Yes, natural selection does help us to understand why the eggs are colored this way, but it doesn’t tell us how. How does this coloration happen? Below is the short and sweet answer to this question.

In the uterus the ovum receives its outer shell and, in most species of birds, its pigmentation. As the egg moves through the uterus region it may twist and turn. Pigment-secreting areas of the uterus mark the eggshell as it passes, making the egg patterns a visual record of egg movement within the uterus. Rapid movement results in streaks or elongated tracks on the egg surface. Slow periods are marked with round spots, or even bands around the egg. It takes about twenty hours for the final deposition of the hard outer eggshell. The egg then passes through the vagina area of the oviduct and into the cloaca and is immediately laid. (Source: Proctor, N.S. and Lynch P.J. (1993) Manual of Ornithology).

Did natural selection permanently fix these tern and oystercatcher eggs to be the color that they are today? So what if their nesting habitat had suddenly disappeared? Can intricately colored eggs, like the Least Terns, ever keep up with swift environmental changes? If their nesting strategies were anything like the Japanese Quails, probably not.

A new study out in Current Biology suggests that female quails select a nesting area that is the best camouflage for her specific egg appearance (sort of encoded). Because females tend to lay similarly patterned eggs over time, the findings suggest that the quails are choosing a laying location rather than controlling the appearance of their eggs based on their environs.

This may work well for the quails and other species in more stable environments, but in the terns and oystercatchers ever shifting world, not so much.

As was just mentioned, the important word here is control.

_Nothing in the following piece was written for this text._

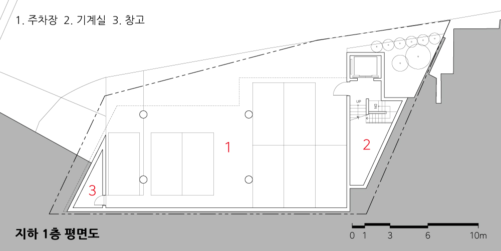 ‘콘크리트 라이닝(Concrete Lining)’은 터널 공사 시 가장 안쪽에 시공되는 콘크리트 구조물을 일컫는 용어다. 일정한 두께로 매끈한 곡면을 형성하는 콘크리트 부재는 그 자체로 터널의 구조이자 마감이고 곧 내부 공간을 규정하는 유일하고도 고유한 매개체다. 설계 과정 중 자진해 지하 터널공사 현장들까지 답사해 가며 건축주와 그 회사에 대해 공부했다. 그러고는 곧 콘크리트 라이닝의 매력에 매료되어 이를 사옥의 건축으로 담아내고자 결심하기에 이르렀다. 대지에서 솟아오르듯 시작되는 450밀리미터 두께의 노출콘크리트 구조체는 바닥, 벽, 천장을 넘나들며 전 층의 모든 공간을 아울러 규정한다. 이러한 행태는 건물의 측면에서 그대로 노출되어 마치 터널의 단면을 보는 듯한 착각마저 불러일으키며, 그 자체로 회사의 정체성에 대한 상징이자 다른 건물들과 차별화하는 디자인이며 건축의 공간 구성 원리를 솔직하게 드러내는 수단이 된다.

Control in the short-term may be the key to a birds continued existence.   

In a book that I just finished reading titled, The Rise of Birds, 225 Million Years of Evolution (2015), author Sankar Chatterjee takes us to a deeper understanding of how some birds may control the outcome of their own egg color prior to entering the uterus. Chatterjee nicely explains the avian control system here;  

The central nervous system of a bird consists of the brain, the sense organs, the spinal cord, and the nerves. Nerves carry messages from the eyes or ears to the brain. A bird’s sensory apparatus assesses the environment and conveys impressions through electric pulses, which stream to the spinal cord for immediate reaction or are transferred to the brain for central processing. The forebrain is considerably enlarged in birds for processing sound, touch and sight, and to adjust behavior to new situations.

He goes on to say this;

Birds live in a world that is dominated by sight and sound. Their sense of vision is so highly developed that for most birds, three of the four senses – touch, smell and taste – are irrelevant. Birds have enormously large eyes that provide keen sight, sharp images, and superb color perception. Most birds have flat eyeballs with large retinas, which are excellent for scanning the landscape. A bird can gain more information about its surroundings through its eyes than through all its other sense organs combined.

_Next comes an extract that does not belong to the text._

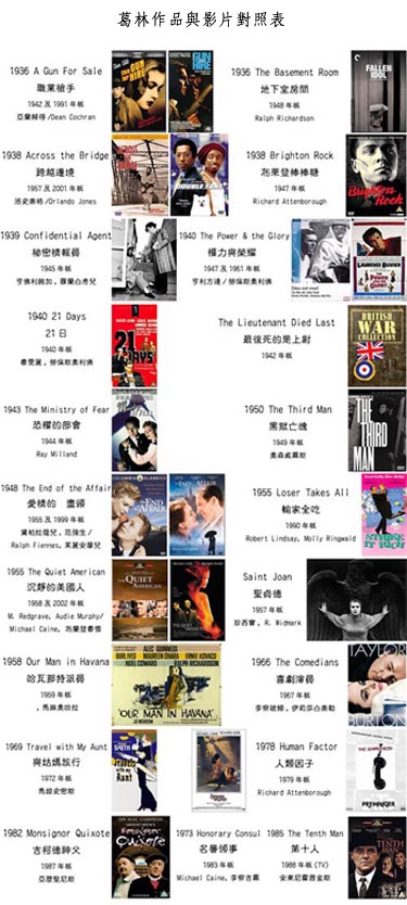 葛林成名後的第一部小說-司坦玻特快車-在出版後很快被拍成電影;之後幾乎每部小說均如此,而主演者常是當時最有名的演員。我為此特別製作了一張圖表,來說明小說與電影的對照關係(只包含現今有圖片者)。這些電影中大部份都完成於1940~1980年之間,其中最有名的一部是黑獄亡魂(The Third Man (1949)),主演者是奧森威爾斯。在1990年之後只拍了五部,而僅有愛情的盡頭The End of the Affair (1999)和沉靜的美國人The Quiet American (2002)兩部在台灣放映過,相信許多朋友都曾看過。我最喜歡的喜劇演員The Comedians (1967)則是由當年最紅的銀幕夫婦伊麗莎白泰勒和李察玻頓主演;而更早,勞倫斯奧利佛和費雯麗則演過二十一日21 Days (1940)。

This gathering of information was obviously important for the species that eventually went on to lay the perfectly adapted egg. But this was only one of many adaptations that allowed these birds to successfully nest at this coastal site. The adaptation of flight to obtain food from afar, an adapted bill to secure local foods, the ability to nest colonially with other like-minded species and the aggressive behavior to prevent predation, were all necessary prior to the final product which was an egg that fully matched the shoreline substrate.

Black Skimmer Eggs
Photo Credit: Wikipedia

In another study involving the avian control system, researchers at the Harvard Department of Genetics have discovered a molecule in the famous Darwin Finches (Geospiza) that controls and regulates the length of the bird’s bills, enabling them to adapt rather swiftly (evolutionarily speaking) to available seeds and insects. Remarkably, researchers identified the protein Calmodulin, which activates certain enzymes, which triggers a signal that eventually turns specific genes on or off. These signals alter the behavior of cells responsible for beak sculpturing.